Rage sets up a neurochemical reaction in the brain that can be addictive, producing what is known as rageaholism or ragaholics. What Rage Looks Like: Screaming, physical expressions of anger, violence or threats of violence, sulking, manipulation, emotional blackmail, silent smoldering, and anger used to punish. What Healthy Anger looks like: Healthy expression of anger involves confrontation of what makes you angry and an effort to set boundaries. (What you will do in response to what makes you angry.) i.e: When you (a behavior), I feel (a feeling) , and to protect myself I will _________. Healthy anger is not used to punish, is not violent, and isn't used to intimidate, control or manipulate. It is expressed, discussed, and moved through. Healthy anger is not stuffed down and ignored. (Stuffed anger created resentment and a wealth of physical / mental and emotional problems.) Healthy anger is not expressed in passive aggressive and manipulative ways.

CYCLE BREAKERS

Fortunately, there are many different ways to break the cycle of anger/rage addiction.

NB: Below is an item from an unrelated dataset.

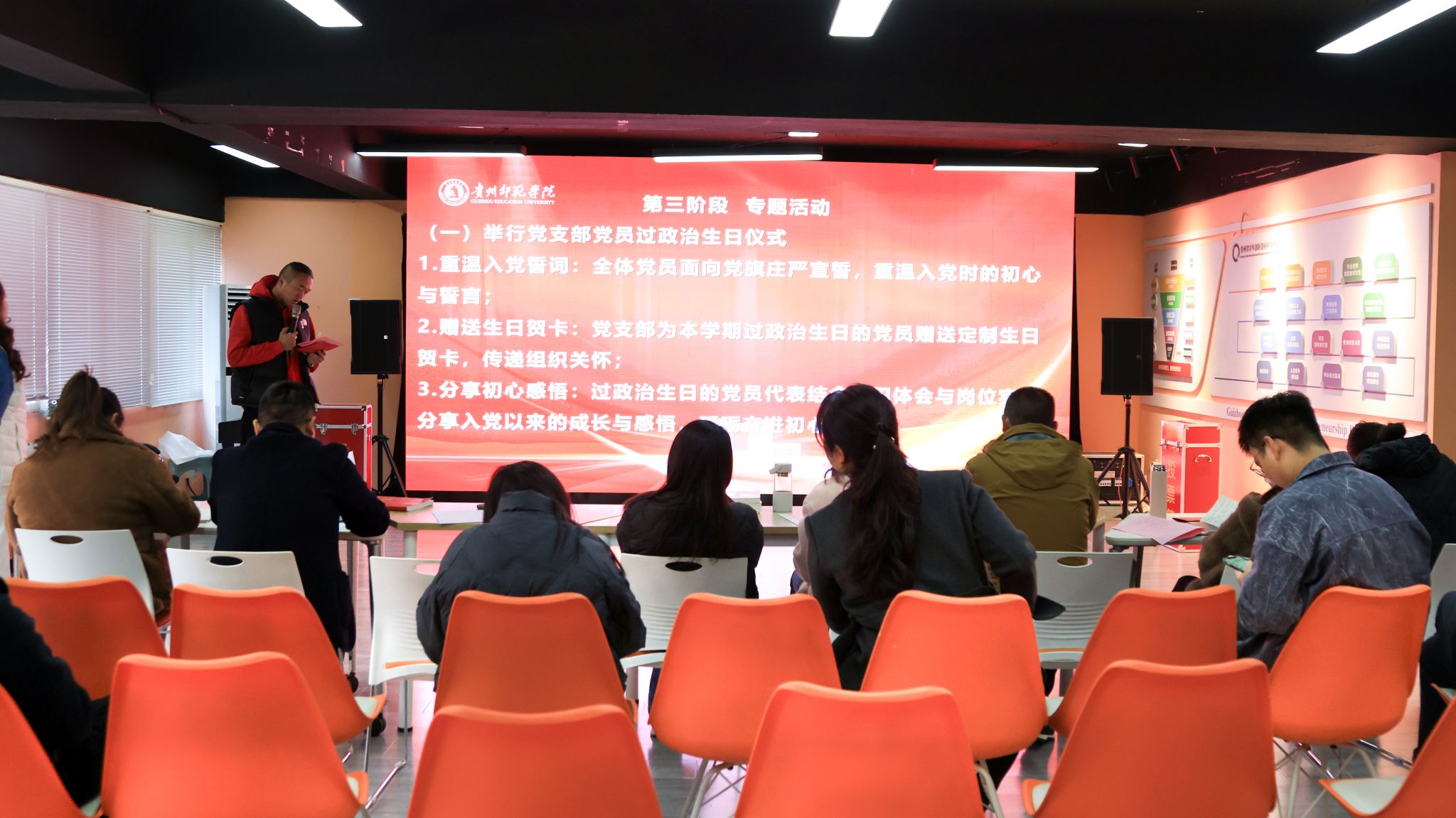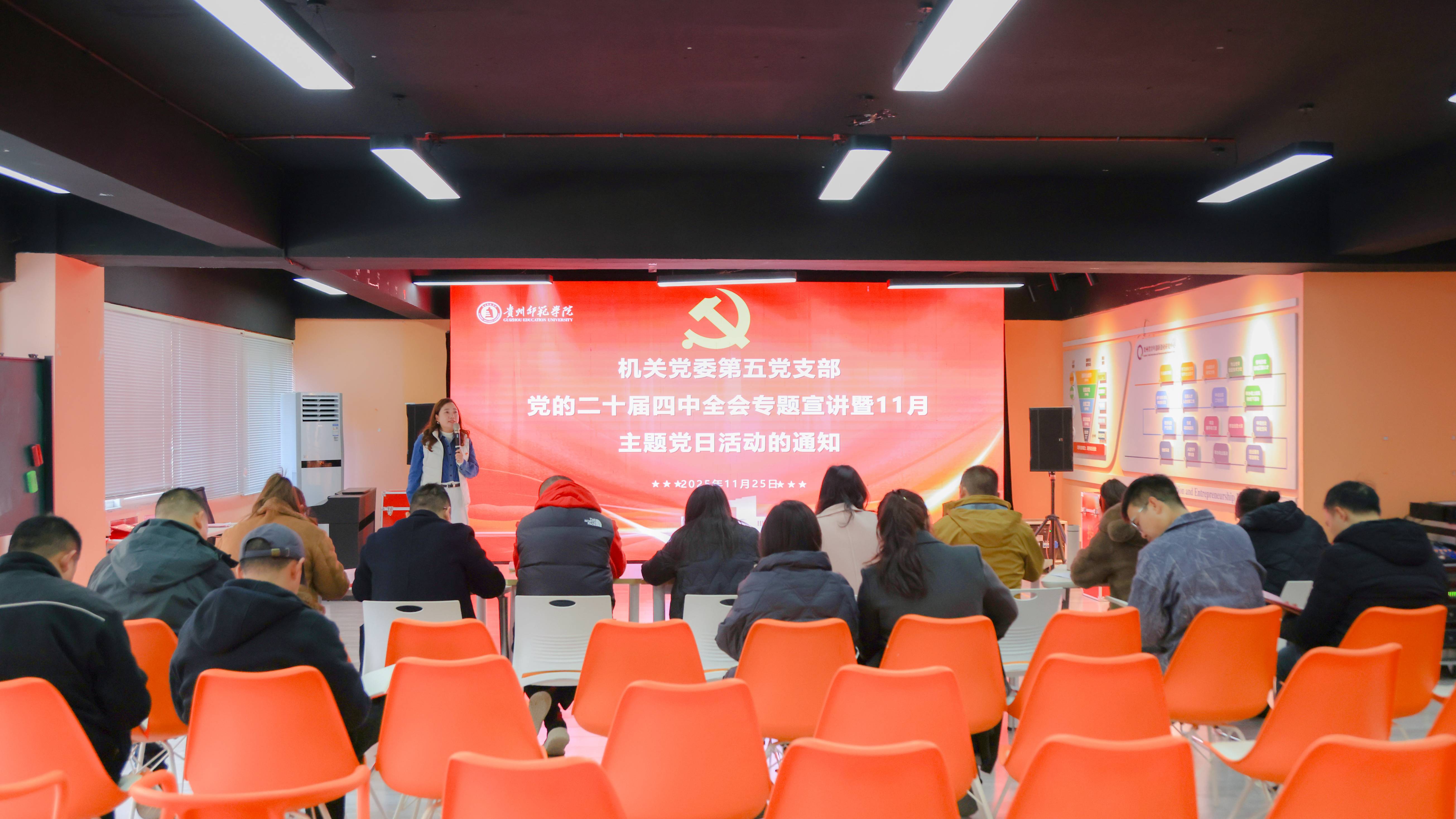 为深入学习贯彻党的二十届四中全会精神,持续推进党史学习教育常态化长效化,进一步增强党组织的凝聚力和战斗力。11月25日上午,机关党委第五党支部在宁静楼贵州省青创中心活动室开展“深学全会精神 砥砺初心使命 立足岗位建功”为主题的党的二十届四中全会专题宣讲暨11月主题党日活动。支部全体在家党员参加,活动由支部书记周煜主持。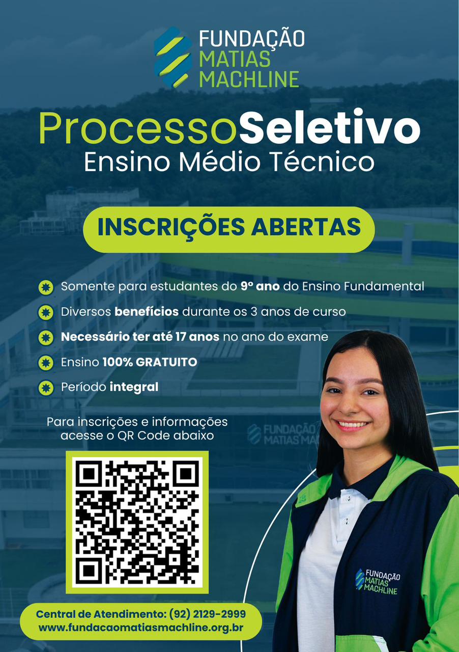 A Fundação Matias Machline estará até o dia 10 de novembro com inscrições abertas para o Processo Seletivo de Ensino Médio Técnico em 2024. No total, serão ofertadas 552 vagas para alunos que vão concluir o 9º ano do Ensino Fundamental e possuírem até 17 anos completos no ano de 2023.

1. Learn to meet your unmet needs. There is a sad, frightened child in every anger/rage addict, whether they know it or not.

2. Identify the old behavior patterns and faulty thought processes that you have been using that maintain your addiction and destructive behavior.

3. Giving yourself some relief from physiological distress can also help to break anger/rage addiction cycles. Exercise, a healthy diet, relaxation or meditation can be very helpful in this area.

4. Finding healthy ways to release your anger and rage can be extremely helpful for breaking the addictive cycle.



WHAT YOU HAVE TO LOOK FORWARD TO

When you have effectively broken the anger and rage addiction cycle, your anger becomes healthy. Healthy anger is one of the most powerful resources you can have, and you can use it in positive ways to create the life of your dreams.